Surtout, vous pouvez personnaliser à l’infini les saveurs, par un choix démesuré d’arômes et de combinaisons entre ces arômes, ainsi qu’ajouter une touche plus sensorielle par l’ajout d’additifs (mentholés, sucrés, acides…). En jouant sur l’ensemble de ces paramètres, vous pouvez, en partant de zéro ou en vous inspirant d’une recette déjà bien connue, concevoir un liquide qui, s’il ne sera jamais commercialisé, aura le mérite de s’approcher, pour vous, de la perfection. Vous pouvez laisser exprimer votre créativité et réaliser enfin cet e-liquide "tabac brun-ananas sensation menthol-poivré à 12 mg/ml de nicotine" dont vous avez toujours rêvé !

5 – Des contreparties peu gênantes

Comme vous allez le voir, les quelques désavantages de la fabrication maison de e-liquides par rapport à l’achat de e-liquides prêts à l’usage ne remettent pas en cause son intérêt. Il s’agit donc d’une véritable cinquième bonne raison de s’y mettre.

Premièrement, il faut remarquer que cette méthode nécessite un (tout petit) peu plus de temps. Lors de l’achat, pour réfléchir à ses besoins et à ses futurs projets de création, mais aussi et surtout lors de la préparation elle-même, qui prend de quelques minutes à quelques dizaines de minute, en fonction de la complexité de vos mélanges et de votre expérience.

Deuxièmement, elle peut dans certains cas demander de la patience avant de pouvoir vapoter ses créations. Quand on prépare ses e-liquides soi-même, il faut respecter le steeping, ou en français, la « macération » du mélange. En fonction des saveurs, cela peut prendre plus ou moins de temps : de deux jours, pour des arômes mentholés, à près d’un mois pour les saveurs plus complexes, notamment le tabac. Certes, les hacks pour accélérer le steeping ne manquent pas sur le web, mais rien ne vaut le temps qui passe pour un bon résultat.

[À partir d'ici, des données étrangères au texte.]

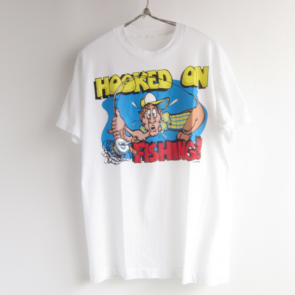 > 90s HOOKED ON FISHING 半袖Tシャツ 白系 メンズM程度 フィッシング 魚 釣り好きの方に 丸首 丸胴 ビンテージ ギャグ D139-01-0092XVW
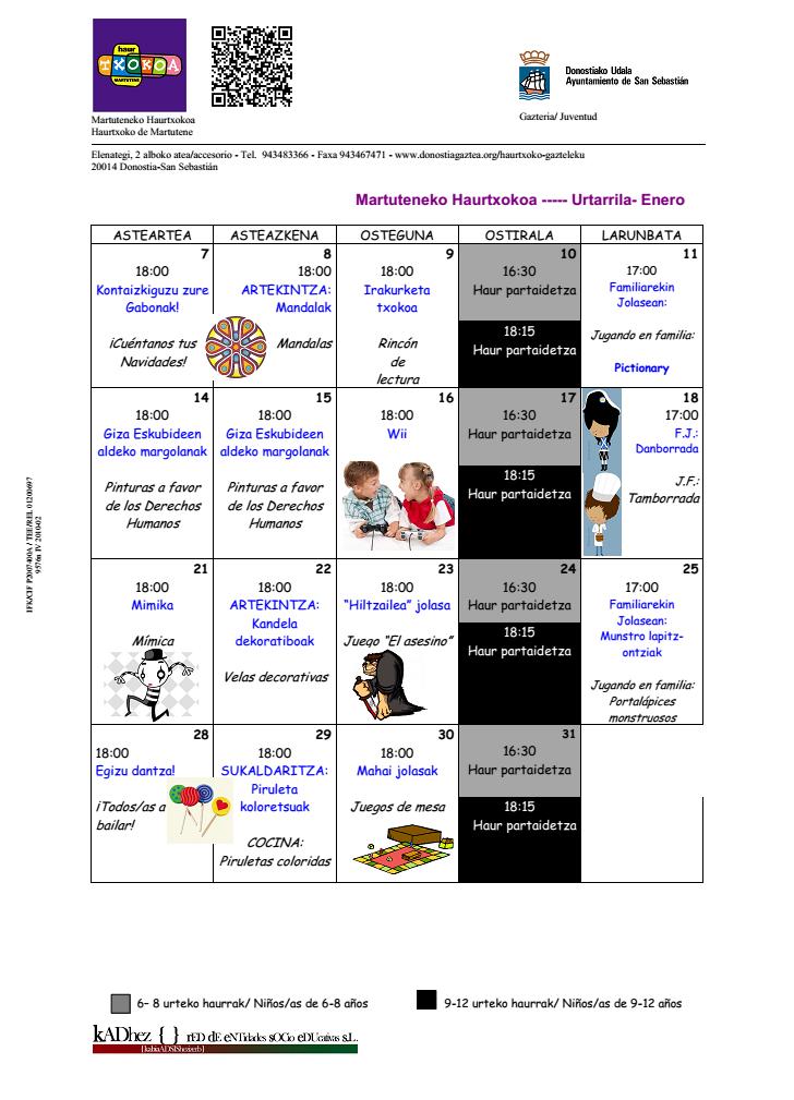 Haurtxokoa: urtarrileko programaketa / programación de enero
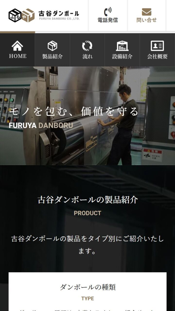 (有)古谷ダンボール 様 スマートフォンでの表示 設備紹介ページ 顧客名 有限会社 古谷ダンボール URL https://www.f-danboru.co.jp/ 制作物 ホームページ 業種 製造・工業 エリア 大阪府泉佐野市
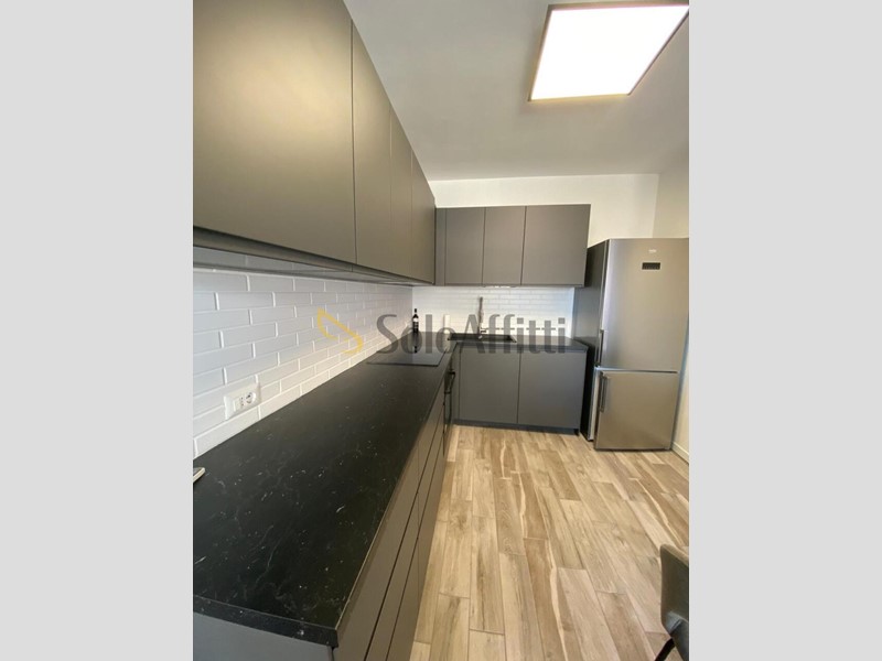 Appena varcata la porta blindata, l’ingresso introduce in un luminoso soggiorno con cucina a vista, elegantemente separato da una paretina che regala privacy e continuità agli spazi. La cucina, realizzata con finiture di alta qualità, si apre sulla zona living, calda e accogliente grazie al parquet e alle tonalità armoniose dell’arredo.

Troisièmement, cette méthode nécessitée de prendre quelques précautions. D’une part, les bases et les arômes sont salissants. Attention à vos vêtements et à vos meubles quand vous effectuez vos mélanges. D’autre part, et surtout, il faut faire attention à vous, en vous protégeant de la toxicité – relative – de vos liquides nicotinés (notamment les boosters). Il faut éviter tout contact entre eux et votre peau. Pensez à bien vous laver les mains après maniement ou, dans l’idéal, à porter des gants.

Enfin, le résultat obtenu ne sera pas toujours à la hauteur. Il est parfois difficile (voire impossible) de retrouver le goût exact des préparations du commerce, et ce, même avec un arôme portant le même nom et de la même marque ! De même, il arrive que les arômes DIY aient un goût un peu plus « cartonneux » que les versions prêtes à usages. Mais il s’agit là de ressentis subjectifs, et vous pouvez très bien au contraire préférer la version élaborée par vos soins.

Comme pour toute activité créative, le risque d’erreur existe. Mais c’est aussi et surtout prendre le risque de faire de belles découvertes!